Iranians will go to the polls on February 26 to elect members of the 290-seat parliament and the 88-seat Assembly of Experts, notes Council on Foreign Relations analyst Ray Takeyh. A parliament that will continue to be dominated by hardliners is thought to be an obstacle to President Hassan Rouhani’s reforms. Elections to the Assembly of Experts will be closely watched because the body will likely select a successor to the supreme leader, Ali Khamenei.
Yet a closer look at both institutions reveals that neither election will be as meaningful as they are often portrayed in the international press, he writes for The Atlantic:
The dichotomy often made by foreign observers of an Iranian polity divided between hardliners and reformers is an oversimplification. Rouhani has never been part of the reform faction as the term is properly understood in its Iranian context. The reform movement evolved in the early 1990s by calling for accountability and pluralism. The descendants of that movement were the participants in the Green Revolution of 2009, which was brutally repressed with Rouhani’s blessing. (He served in the Supreme National Security Council at the time.) Since the purges of 2009, Iranian politics have been reduced to a coalition of hardliners and centrists who agree far more than they disagree.
“But it is unclear whether there is an appetite for a protest vote in the forthcoming elections, in part due to the large number of candidates who have been disqualified but also because voters are not seeing the economic boost they expected in the wake of the nuclear deal,” the FT’s Monavar Khalaj reports from Tehran. “If sentiment does not change in the coming days, hardliners, whose supporters are more organized, stand a better chance of winning.”
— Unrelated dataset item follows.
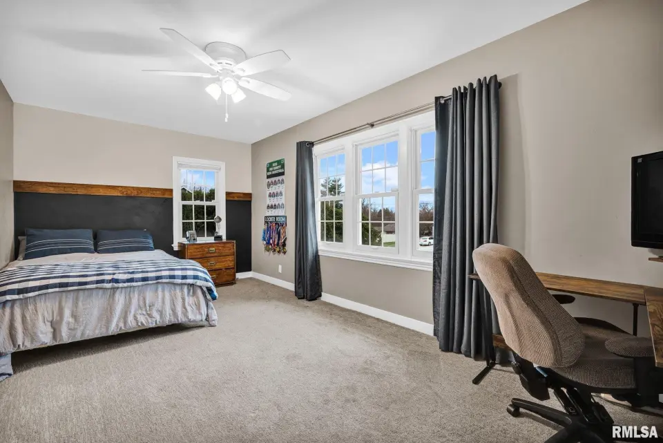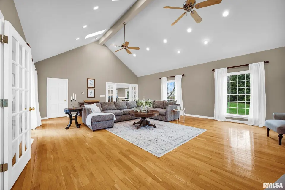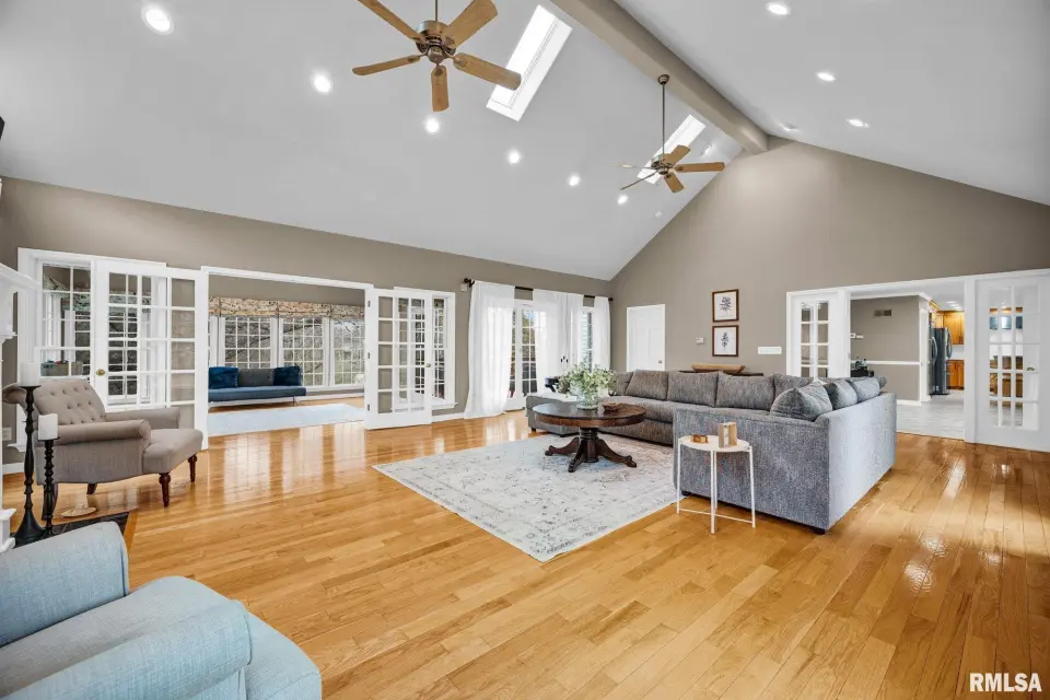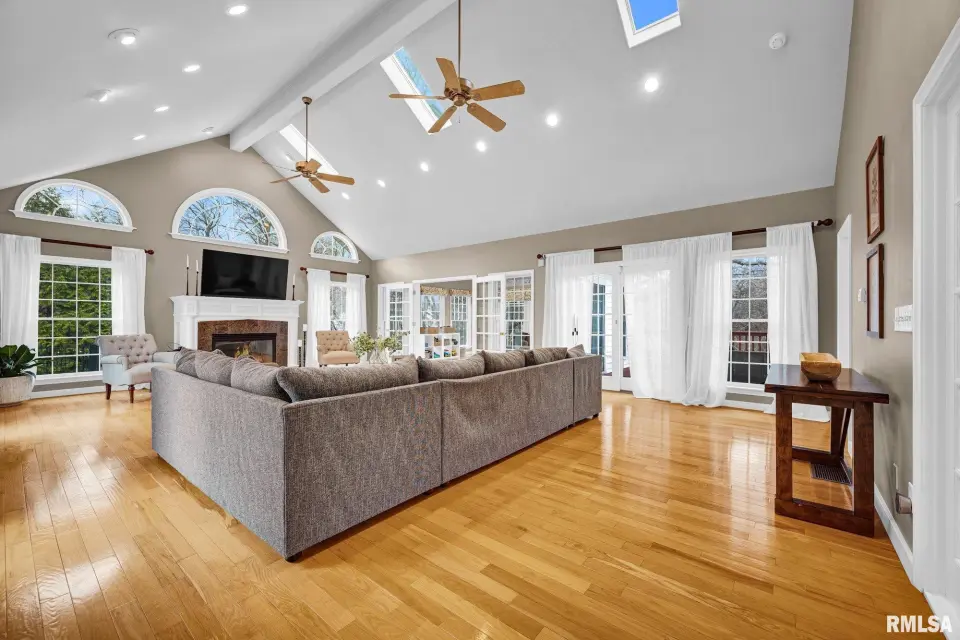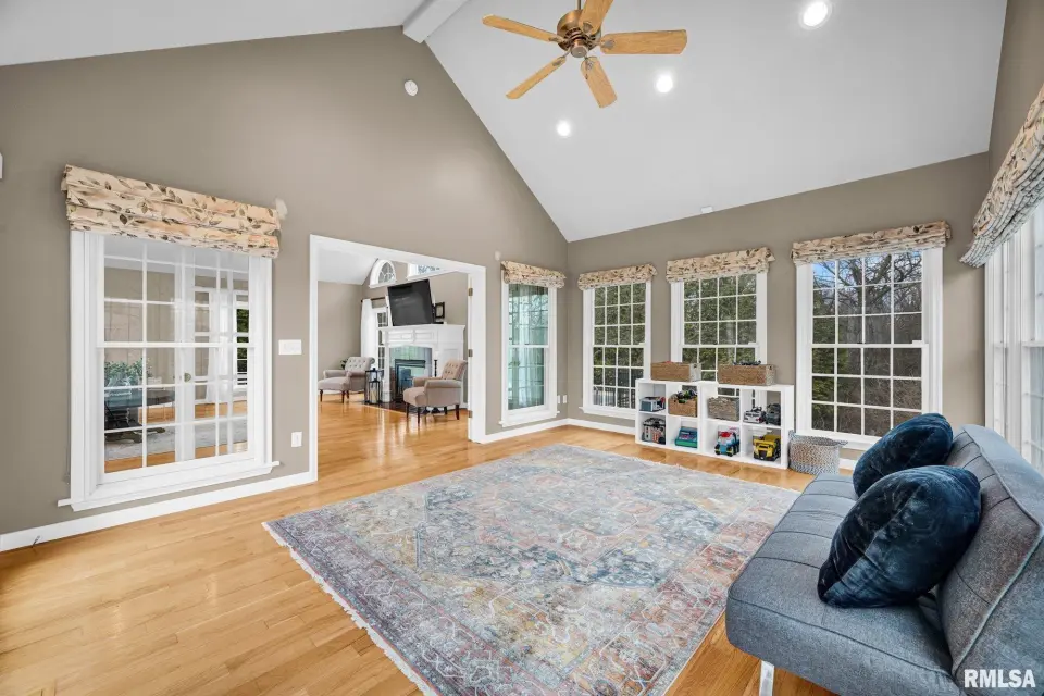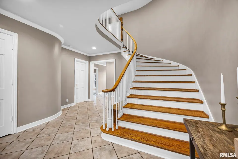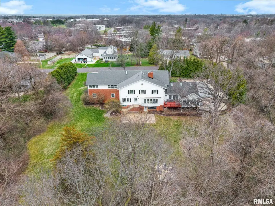 The stately curved staircase greets you at the entry, setting the tone for elegance. At its heart is a stunning open kitchen crafted for modern family living that flows into a vaulted family room and sunroom. You'll find multiple options for private offices or peaceful flex rooms, plus six bedrooms and five full baths. The walkout lower level boasts a rec room, gym, and sauna. With a new furnace and ACs installed in 2020, this solid, beautifully built home offers the perfect blend of privacy and convenience - a secluded retreat just moments from Peoria's best. Call to schedule your private tour of this one-of-a-kind estate today.

The Qom-based clergy, once central to Iran’s Islamic revolution, has seen its influence eroded by the emergence of new power centres, notably the Revolutionary Guards [right], the dominant military, ideological and economic force, the FT adds:
The clergy’s financial independence has been affected by its increasing reliance on central government funding. The clerics are concerned that the continuation of economic woes — inflation stands at 13 per cent and youth unemployment at 25 per cent — could harm the country’s religion.
“When people have economic problems, they give fewer donations to senior clerics and ask for more financial help, while the clergy can contribute less to the poor and loses influence,” says Abolfazl Mousavian, a reform-minded cleric and professor of Islamic governance at Qom’s Mofid University. “The clergy are also concerned that economic woes are affecting people’s piety and faith in Islam.”
Weaker clergy
“The clergy has weakened over years but is still the strongest and most sophisticated institution [and is] able to prevent the country from falling into a crisis,” says Hossein Marashi, a senior reformist politician. “They [clerics] are now sitting in the shade observing developments in the light and will intervene when it rains [when Ayatollah Khamenei dies].”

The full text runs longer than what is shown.